Harris had created pages in Tenn’s theatrical memory book almost from the onset of his own New York debut. A costume designer of “a malignant camp sensibility” told him of a marvelous and unformed young actress who was a m
ember of the company of Eva Le Gallienne’s Alice in Wonderland. That production appeared in 1947, and it was approximately one year later that Tenn had an audience with Le Gallienne. The two of them discussed Julie Harris.

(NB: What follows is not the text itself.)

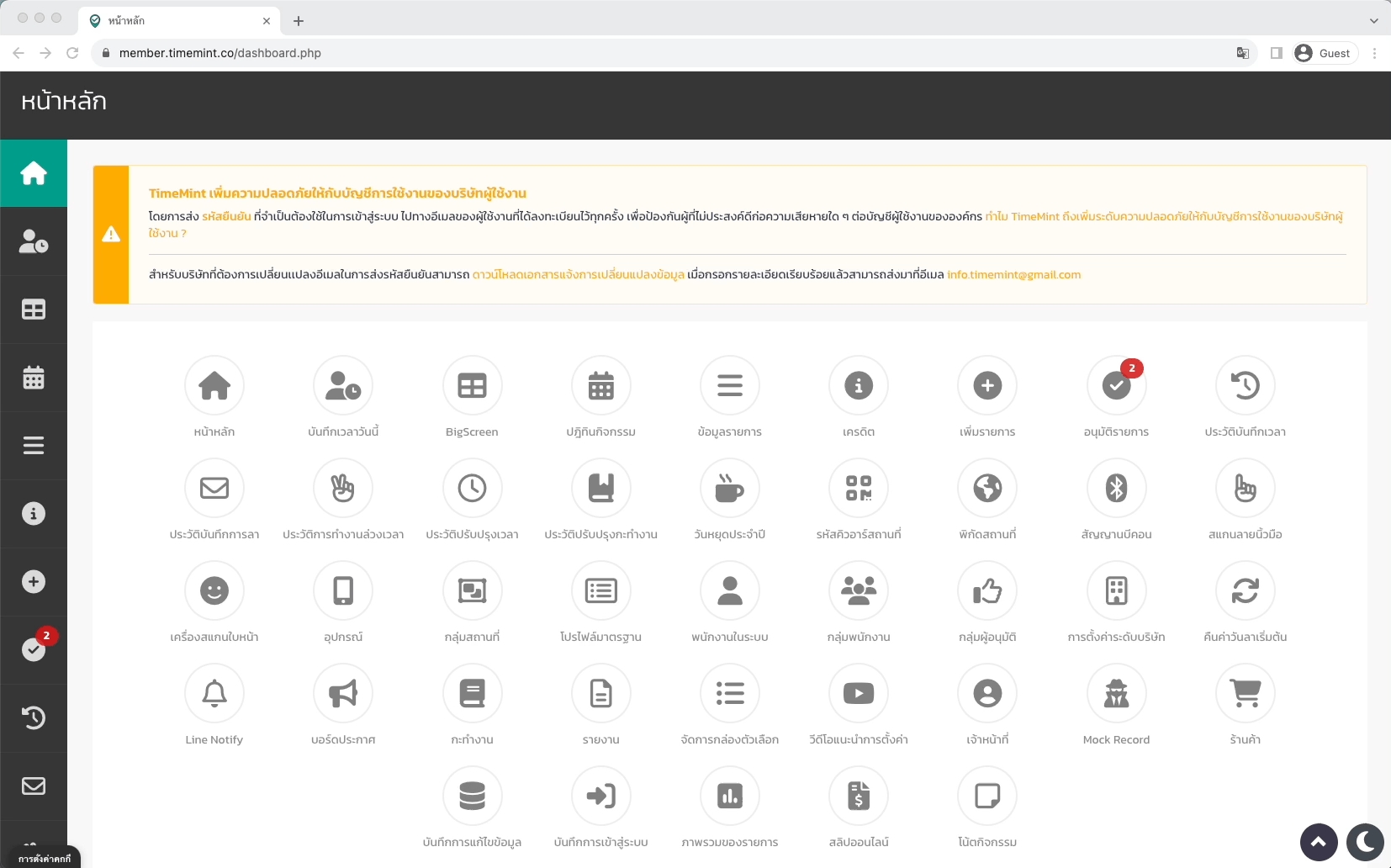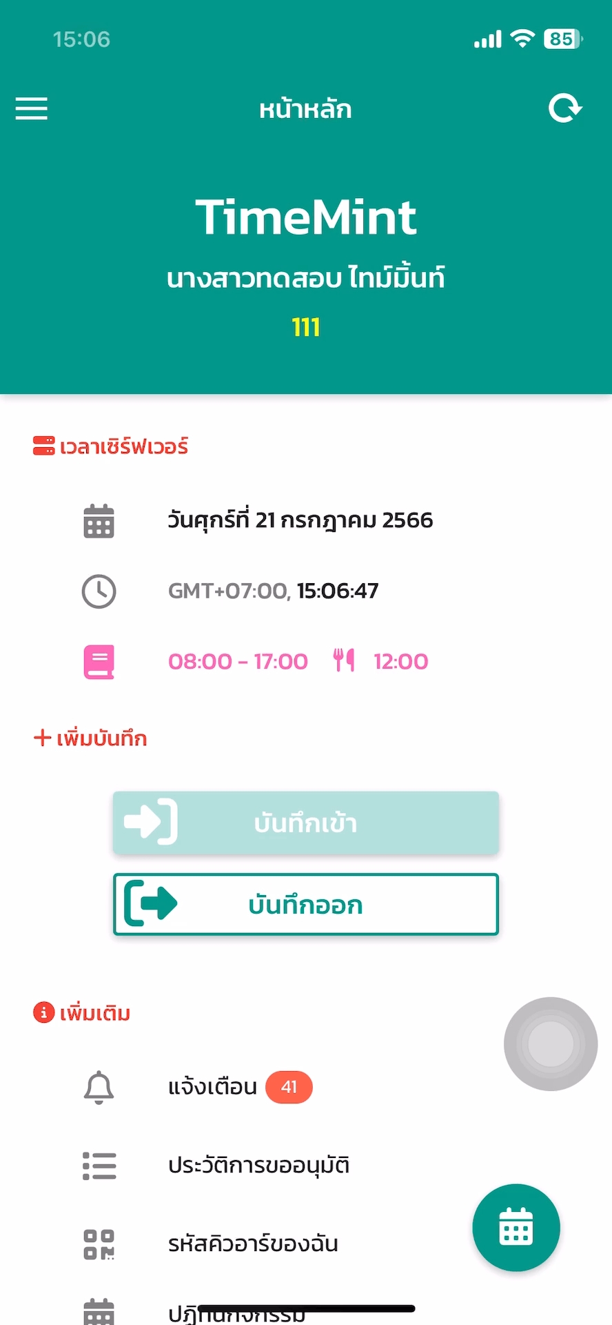 แสดงเเผนสถานที่ปฏิบัติงานในหน้าปฏิทินกิจกรรมบนเเอป TimeMint (สำหรับพนักงาน)

“What I told him then,” Le Gallienne remembered, “was that the intention was there, but the equipment was lacking. The voice was inadequate.” Tenn recalled that another “power” in the theater referred to Harris as “an unshelled peanut,” dry and perhaps void of a center or substance.
Harris continued to work.
One of the happiest times in Tenn’s life was his 1949 revision of Summer and Smoke, composed by typewriter and occasionally by longhand at one end of a dining table. At the other end sat Carson McCullers, who was laboriously adapting her novel The Member of the Wedding to the stage. Both plays were suffused with longing—of their playwrights as well as their protagonists—and both were, like the prayers and rites of Tenn’s childhood, progressive and fearful and full of stones laid, metaphorical linens folded and applied, flowers plunged through psychic Styrofoam.
“If I reread Summer and Smoke,” Tenn remembered, “I can feel, and almost see, the writer that I was in that time and at that place. Alma moves fearfully and slowly but purposefully toward her desire. Alma comes to respect her need for love, for physical pleasure, for an acceptance of her gifts, no matter how niggardly or unnecessary they may appear. Alma is a woman who would have no problem finding a place on altar guilds or prayer councils, and her baked goods would always find a place at the tables of the best clubs, but her amatory gifts go begging, and her carnal desires, which she examines and recognizes in solitude, in darkness, grow stronger and hungrier as they find themselves attended to by only her own hands and ministrations. Alma moves slowly, each step a brick, perfectly shaped and sanded and placed in a wall that blocks what she finds unpleasant, and then, later in the play, each step a small scalpel that scoops away the plaster and the bricks of this wall, through which she hopes she can walk and find what she needs.”